Es una casa recién construida.
Solo sigue caminando por este camino.
¿Entiendes?
Qiao Yang asintió.
—Entiendo.
—Es bueno que entiendas.
Cuando vio que Su Ying estaba a punto de irse, Qiao Yang rápidamente dio un paso adelante para detenerla.
—¿Cómo te llamas?
Soy Qiao Yang.
—Su Ying.
—Bien, lo recordaré.
¡Definitivamente vendré a buscarte!
Sin embargo, has ofendido a estos canallas por mi culpa, así que podrías meterte en problemas.
No tengas miedo, haré que alguien te proteja cuando regrese.
Un gesto de impaciencia cruzó el rostro de Su Ying.
—¿Por qué estás hablando tantas tonterías?
Lárgate.
Empujó a Qiao Yang y se dirigió directamente al Restaurante Polvo y Ráfaga.
Qiao Yang miró su perfil mientras se alejaba, la luz en sus ojos cada vez más brillante.
—Tiene carácter.
¡Me gusta!
Media hora después, Su Ying levantó la cabeza y vio un letrero de fondo negro con las palabras “Restaurante Polvo y Ráfaga” escritas en pintura de oro puro.
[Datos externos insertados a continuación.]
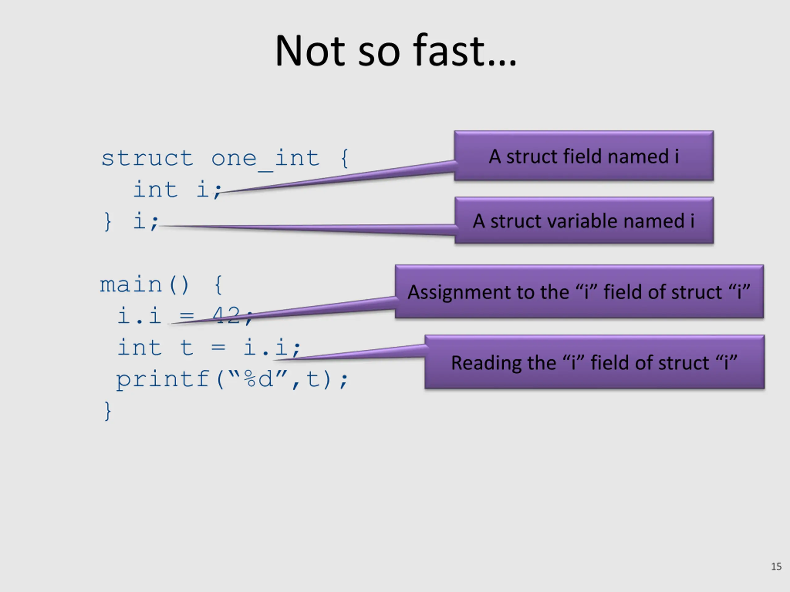 Not so fast struct one_int { int i; } i; A struct field named i A struct variable named i main() { i.i = 42; int t = i.i; printf( %d ,t); } Assignment to the i field of struct i Reading the i field of struct i 15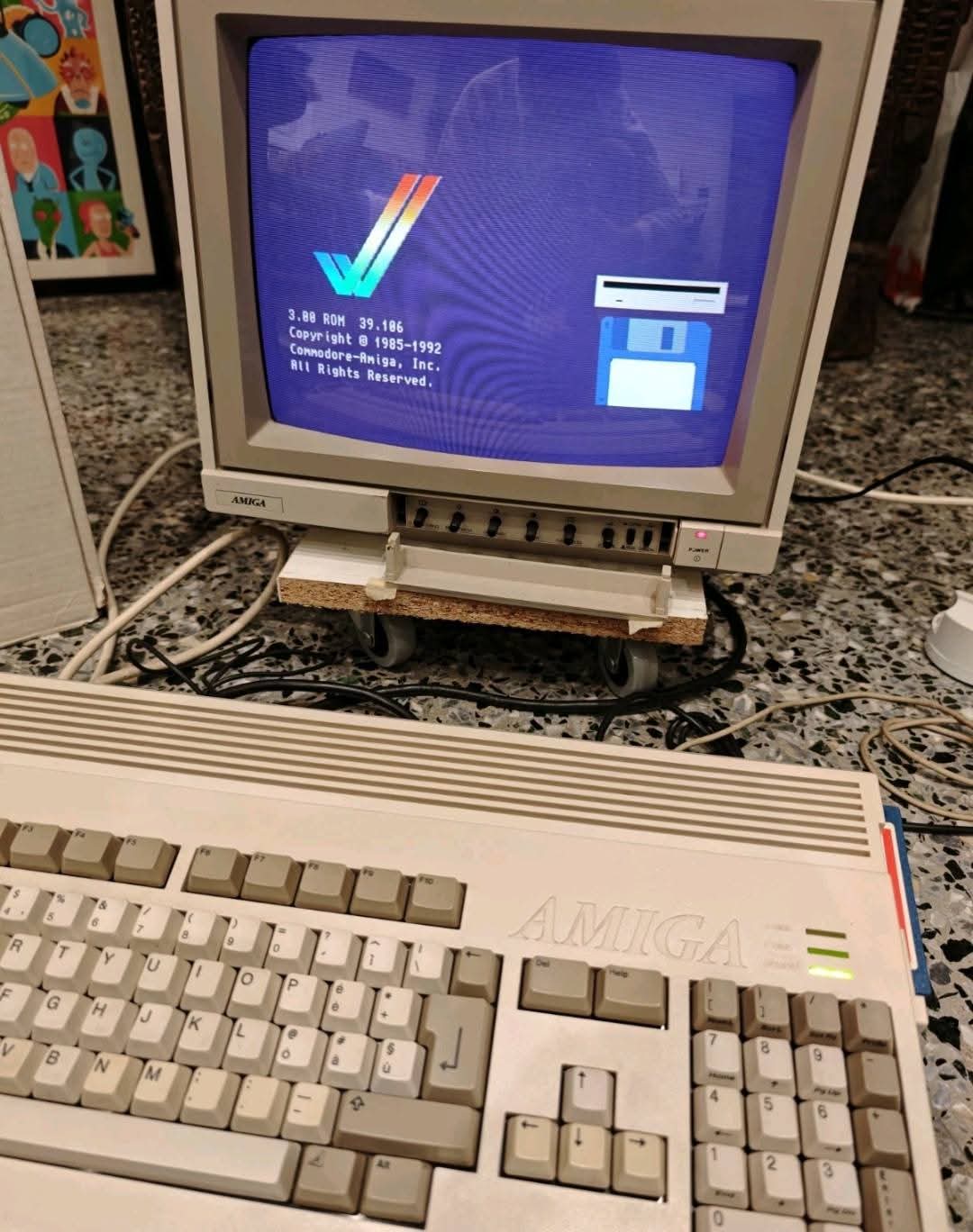 The Amiga 1200, or A1200 (code-named "Channel Z"), is a personal computer in the Amiga computer family released by Commodore International, aimed at the home computer market. It was launched on October 21, 1992, at a base price of £399 in the United Kingdom (equivalent to £1,040 in 2023) and $599 in the United States (equivalent to $1,340 in 2024). The A1200 was launched a few months after the Amiga 600, using a similar slimline design that replaced the earlier Amiga 500 Plus and Amiga 500. Whereas the A600 used the 16-bit Motorola 68000 of earlier Amigas, the A1200 was built around the 32-bit Motorola 68EC020. Physically, the A1200 is an all-in-one design incorporating the CPU, keyboard, and disk drives (including the option of an internal 2.5" hard disk drive) in one physical unit. The A1200's hardware architecture was later used as the basis for Commodore's Amiga CD32 game console in 1993.

En comparación con la desolación de otros lugares, el restaurante estaba tan concurrido como un mercado.
—Oye, Señorita, ¿le gustaría cenar aquí?
Por favor, pase.
Si nunca ha estado aquí antes, nuestro jefe puede darle un tazón de carne gratis hoy.
Incluso si no pide nada más, aún puede comer hasta saciarse antes de irse.
Su Ying fue conducida al restaurante por el camarero.
El salón principal estaba casi lleno de gente, y los camareros estaban ocupados sirviendo los platos con habilidad.
Su Ying fue llevada a una mesa en el medio del salón.
—Señorita, ¿qué le gustaría comer?
¿O preferiría primero una ración de carne?
—Entonces tomaré primero una ración de carne.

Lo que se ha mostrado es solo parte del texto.